Não podemos no entanto, deixar de salientar os efeitos do desporto amador, para o lazer, para a educação e para a saúde, no reconhecimento da sua indispensabilidade e no direito da sua aplicabilidade.

Esse direito tem as suas origens mais longínquas nas regras, que os povos primitivos aceitavam como sagradas e cumpriam sem escrúpulos.

Como refere Fabrício Valserra (1923): “a história do desporto é uma das mais belas e instrutivas que se podem contar aos homens”.

Seria difícil na literatura grega algum historiador, poeta ou filósofo que não tivesse dedicado a sua atenção à Atividade Física e Desportiva, ou para enaltecer, reclamando a sua prática, ou para realçar as façanhas dos atletas. Lembra-nos aquele belo trecho de Aristófanes (446 – 386 a.C.), quando alude ao ideal da sua prática: “Brilhante e fresco como uma flor, tu passarás o tempo nos ginásios, em vez de dizeres tolices picantes sem pés nem cabeça na praça pública, ou de te irritares por qualquer questiúncula toda feita de chicanas, de contestações ou velharias. Irás até à academia, onde à sombra das oliveiras sagradas, começarás a tua corrida, coroado de subtil orvalho, com um amigo da tua idade. Aspirarás o aroma da salsaparrilha e do choupo, que vai perdendo os amentilhos, gozando a estação primaveril, quando o plátano vai confiando os seus segredos ao ulmeiro. Assim terás sempre o peito robusto, a tez límpida, os ombros largos!...”

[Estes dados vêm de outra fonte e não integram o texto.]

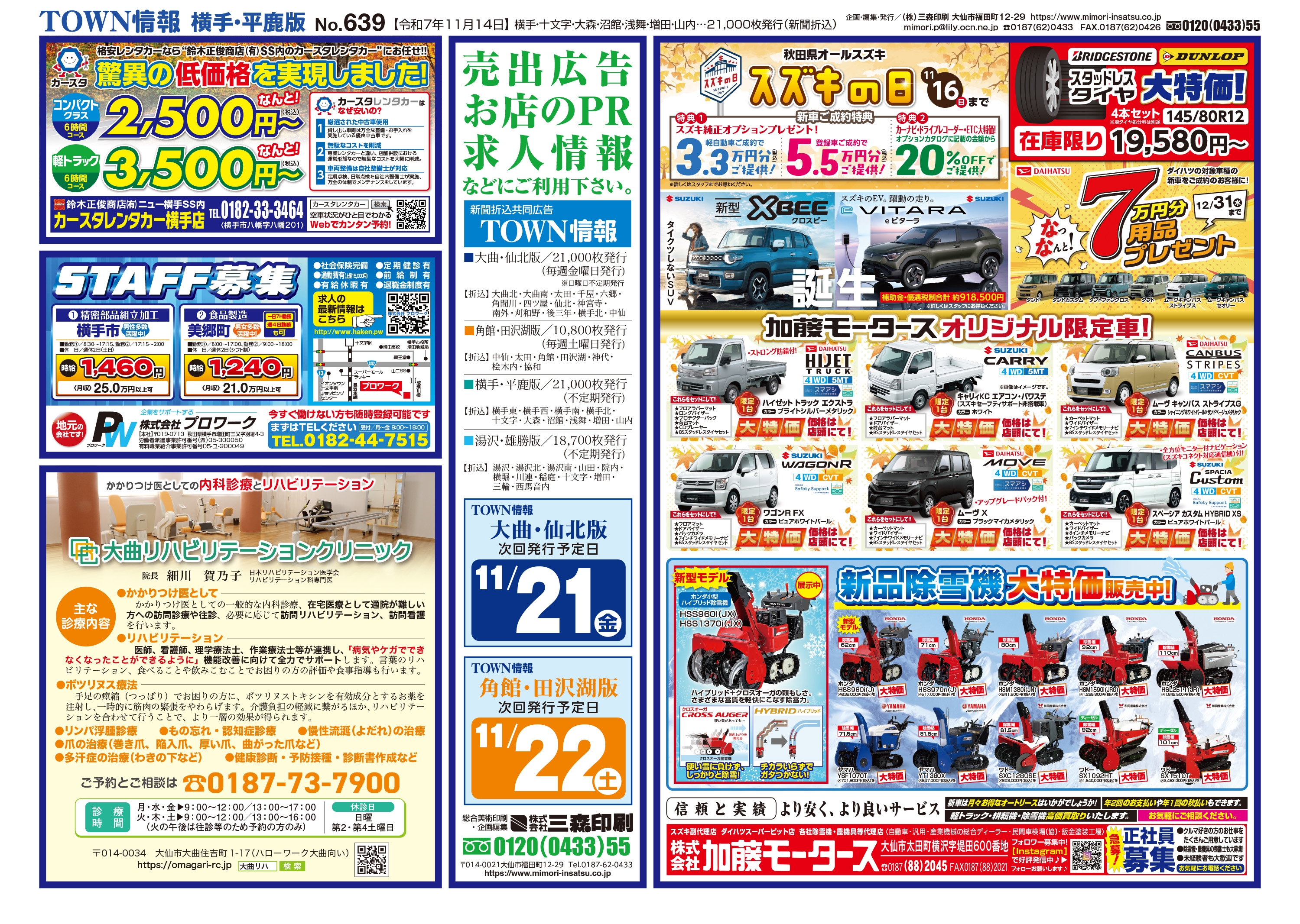 大曲・仙北、横手・平鹿、湯沢・雄勝に配布されるTOWN情報幅広い地域をカバーする情報を掲載中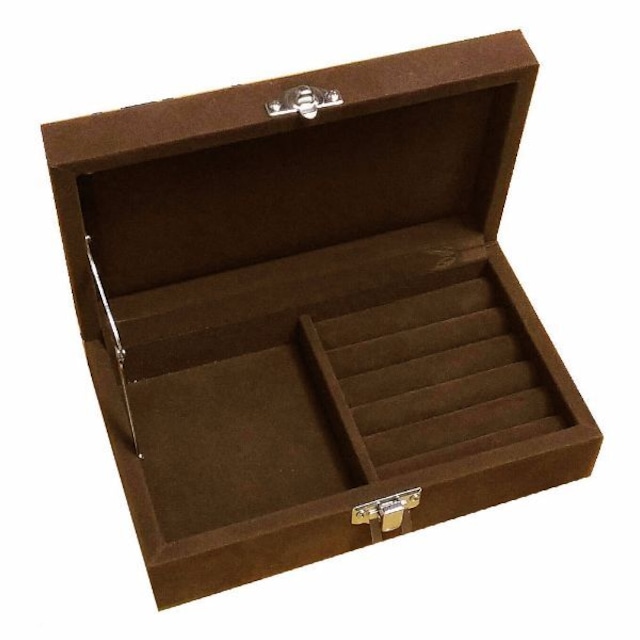 ジュエリーボックス/ジュエリーケース セパレートタイプ ジュエリーケース プレゼントにも最適♪ c-h-61b ジュエリー・アクセサリーを保管するのに便利な セパレートタイプのジュエリーケース。 増え続けるジュエリー達の指定席。 豊富なアクセサリーを取り出しやすく整理できる ジュエリー収納ボックス。 指輪収納やリング・指輪やピアスなど 細かく整理収納できます。 ベルベットの高級感と大人になっても変わらない 子供心をくすぐられるような宝箱のイメージ。 ご購入用にはもちろんですが、店頭での展示用、 接客用、商談用にもお使いいただけます。 サイズ・容量 【サイズ】約170x105x50mm 【素材】ベルベット 【色・カラー】ブラウン・茶色 完売の商品でもご希望数量をご用意できる 場合がございますので、お気軽に お問い合わせください。 弊社では、迅速で確実な商品の発送を 心掛けておりますが、 誠に申し訳ございませんが、一部の商品に つきましては発送までに2〜4週間の お時間を頂戴する場合が ございますことを、ご了承ください。 掲載商品の画像に関しまして、 ご覧になっている環境により、 実際の色と異なる場合が御座います。 予めご了承ください。 背景の小物等は撮影の為のイメージですので 商品には含まれません。 サイズについて 若干の誤差は予めご了承ください。

Mas o homem de hoje procura descobrir a essência própria de todas as coisas. O que era verdadeiro ontem, pouco mais o é hoje e não será certamente amanhã. Mais do que nunca procuramos no fundo das coisas a capacidade para racionalizar as competências, isto é, o elemento duma cultura abrangente. Foi dentro destes conceitos e mudanças que o Desporto evoluiu.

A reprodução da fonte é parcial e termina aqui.